Center for Arrhythmia Care, Pritzker School of Medicine, Department of Medicine, Division of Cardiology, University of Chicago, IL (Z.A., D.S., M.R., G.A.U., A.B., S.A.B., Z.F., R.J., T.N., H.L, H.M.N., R.T.).
Abbott, Abbott Park, IL (M.R., N.A.S.).
Circulation. 2019 Oct 22;140(17):1383-1397. doi: 10.1161/CIRCULATIONAHA.119.042423. Epub 2019 Sep 19.
Accurate and expedited identification of scar regions most prone to reentry is needed to guide ventricular tachycardia (VT) ablation. We aimed to prospectively assess outcomes of VT ablation guided primarily by the targeting of deceleration zones (DZ) identified by propagational analysis of ventricular activation during sinus rhythm.

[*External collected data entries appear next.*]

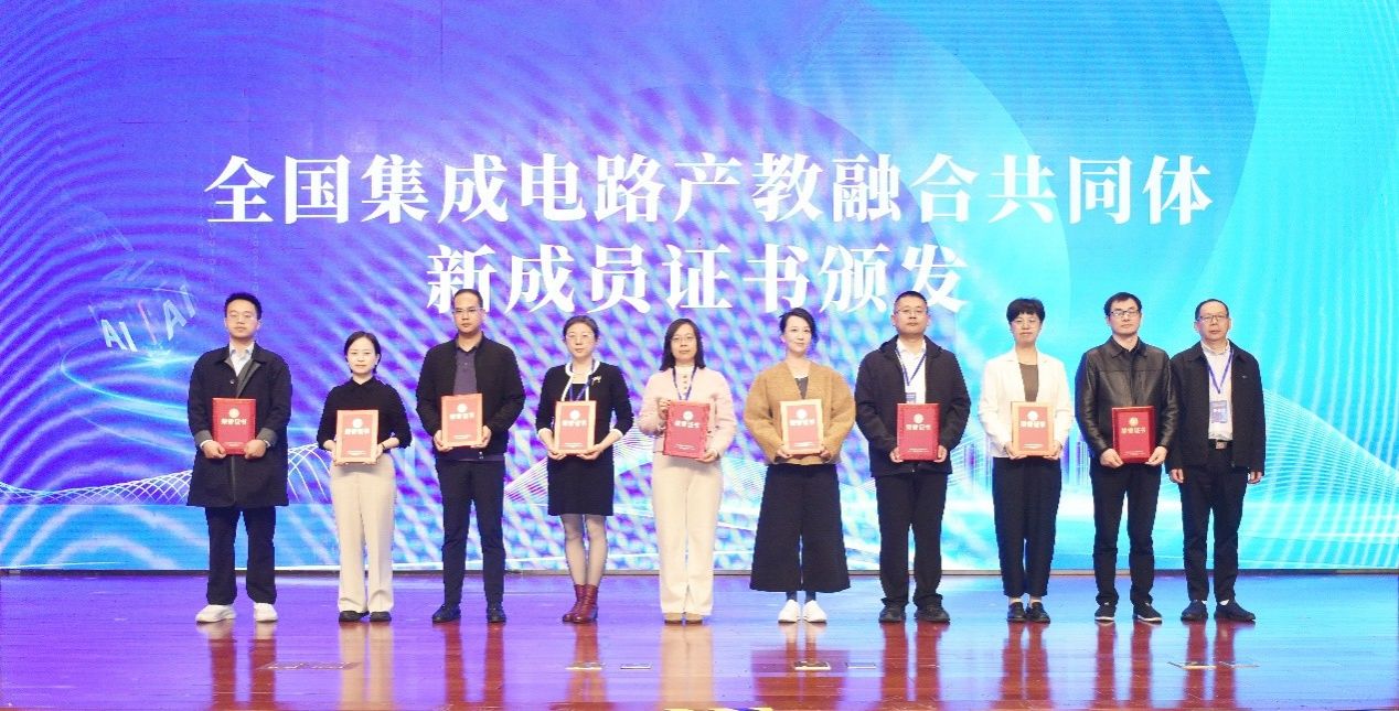 图2 陈良教授为全国集成电路产教融合共同体新加盟成员单位颁发证书
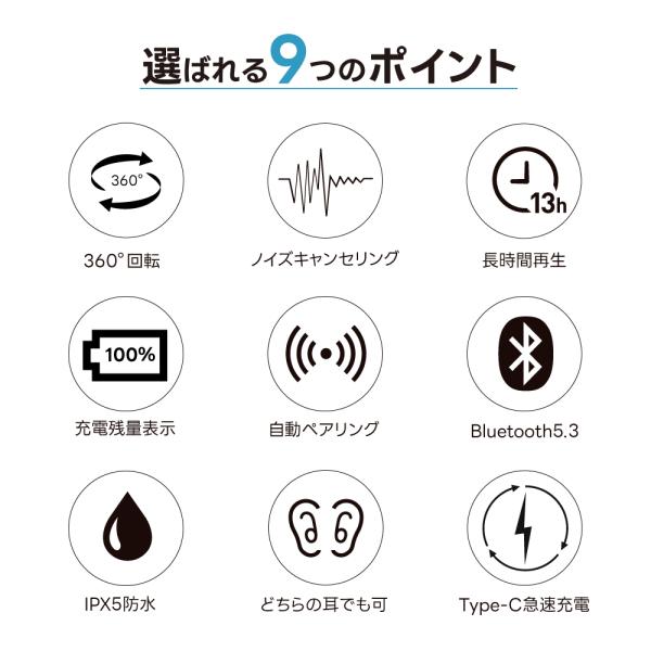 耳掛け型 ワイヤレスイヤホン Bluetooth 5.3 ノイズキャンセリング iPhone android Type-C 15h再生 片耳 i33
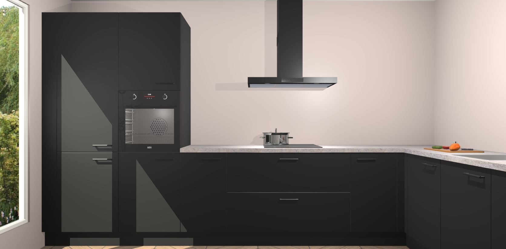 Met een modern, tijdloos design en ruime opslagruimte, zult u zich in no-time thuis voelen in uw nieuwe keuken. Uw leven wordt eenvoudiger met de soft-close deuren die voor het ultieme stille comfort zorgen - geen geluid dat u stoort terwijl u kookt. Ook is de keuken voorzien van 5 ingebouwde apparaten: een oven, inductie kookplaat, afzuigkap, vaatwasser en koelkast. Deze kunnen gemakkelijk na bestelling worden bijgewerkt naar AEG - waardoor uw luxe ervaring compleet is.
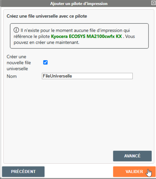 depuis l'interface Créez une file universelle avec ce pilote, cliquez sur le bouton Avancé ;
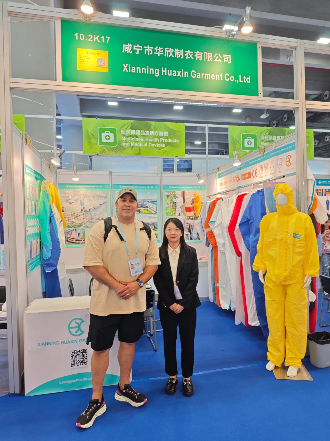 咸宁市华欣制衣有限公司以“一次性防护服”为主打,展位以“功能·舒适·便捷”的体验设计吸引了大量关注。公司精心准备了各种样品、英文产品手册与规格表,便于采购商直观检验面料与做工,现场演示让买家对产品的防护性能与佩戴舒适度印象深刻。展会期间,华欣接待海外客商约70人次,达成意向订单12笔,意向金额约67.7万美元,客户来源覆盖英国、葡萄牙、德国、俄罗斯、智利、韩国等市场。企业展位负责人曾玲表示:将加快样品检测与合同谈判,争取把意向尽快转化为实单出货,让本次广交会的成效立竿见影。
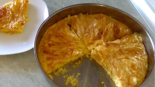 Stavite pitu u rernu zagrejanu na 200 stepeni i pecite je 30 minuta. Gotovu pitu prelijte istopljenim maslacem.
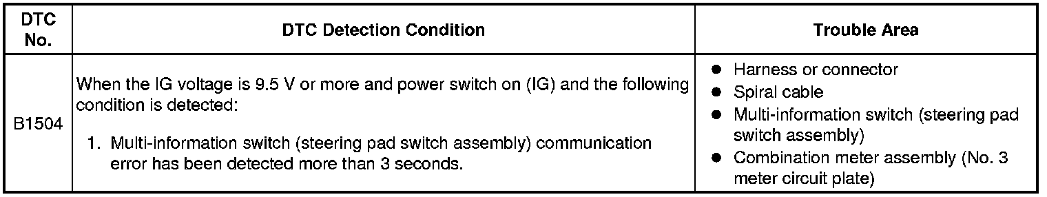 The combination meter assembly (No. 3 meter circuit plate) communicates with the multi-information switch (steering pad switch assembly) via a direct line. If the combination meter assembly (No. 3 meter circuit plate) detects a communication malfunction, it stores this DTC.
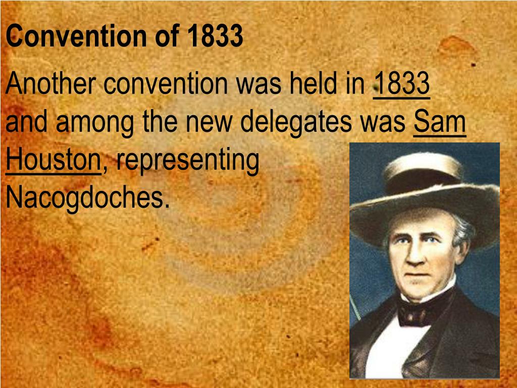 Convention of 1833 Another convention was held in 1833 and among the new delegates was SamHouston, representing Nacogdoches.

Patients with scar-related VT were prospectively enrolled in the University of Chicago VT Ablation Registry between 2016 and 2018. Isochronal late activation maps annotated to the latest local electrogram deflection were created with high-density multielectrode mapping catheters. Targeted ablation of DZ (>3 isochrones within 1cm radius) was performed, prioritizing later activated regions with maximal isochronal crowding. When possible, activation mapping of VT was performed, and successful ablation sites were compared with DZ locations for mechanistic correlation. Patients were prospectively followed for VT recurrence and mortality.
One hundred twenty patients (median age 65 years [59-71], 15% female, 50% nonischemic, median ejection fraction 31%) underwent 144 ablation procedures for scar-related VT. 57% of patients had previous ablation and epicardial access was employed in 59% of cases. High-density mapping during baseline rhythm was performed (2518 points [1615-3752] endocardial, 5049±2580 points epicardial) and identified an average of 2±1 DZ, which colocalized to successful termination sites in 95% of cases. The median total radiofrequency application duration was 29 min (21-38 min) to target DZ, representing ablation of 18% of the low-voltage area. At 12±10 months, 70% freedom from VT recurrence (80% in ischemic cardiomyopathy and 63% in nonischemic cardiomyopathy) was achieved. The overall survival rate was 87%.
A novel voltage-independent high-density mapping display can identify the functional substrate for VT during sinus rhythm and guide targeted ablation, obviating the need for extensive radiofrequency delivery. Regions with isochronal crowding during the baseline rhythm were predictive of VT termination sites, providing mechanistic evidence that deceleration zones are highly arrhythmogenic, functioning as niduses for reentry.
为了指导室性心动过速(VT)消融,需要准确快速地识别最容易再进入的疤痕区域。我们旨在前瞻性评估主要通过窦性心律时心室激动传播分析识别的减速区(DZ)靶向指导的 VT 消融的结果。
2016 年至 2018 年期间,前瞻性地将与疤痕相关的 VT 患者纳入芝加哥大学 VT 消融登记处。使用高密度多电极标测导管创建标注最新局部电图偏转的等时晚期激活图。对 DZ(1cm 半径内>3 个等时线)进行靶向消融,优先消融最大等时拥挤的晚期激活区域。如果可能,对 VT 的激动标测,并比较消融部位与 DZ 位置的机制相关性。前瞻性随访患者 VT 复发和死亡率。
120 例患者(中位年龄 65 岁[59-71],15%为女性,50%非缺血性,中位射血分数 31%)接受了 144 次疤痕相关 VT 消融。57%的患者曾接受过消融治疗,59%的患者进行了心外膜入路。在静息期进行高密度标测(心内膜 2518 个点[1615-3752],心外膜 5049±2580 个点),平均识别出 2±1 个 DZ,其中 95%的 DZ 与成功终止部位重合。靶向 DZ 的总射频应用时间中位数为 29 分钟(21-38 分钟),消融占低电压区域的 18%。12±10 个月时,70%无 VT 复发(缺血性心肌病为 80%,非缺血性心肌病为 63%)。总的存活率为 87%。
一种新的电压无关的高密度标测显示可以识别窦性心律时 VT 的功能底物,并指导靶向消融,避免了广泛的射频输送。静息期等时拥挤的区域与 VT 终止部位相关,提供了机制证据,表明减速区具有高度致心律失常性,作为折返的核。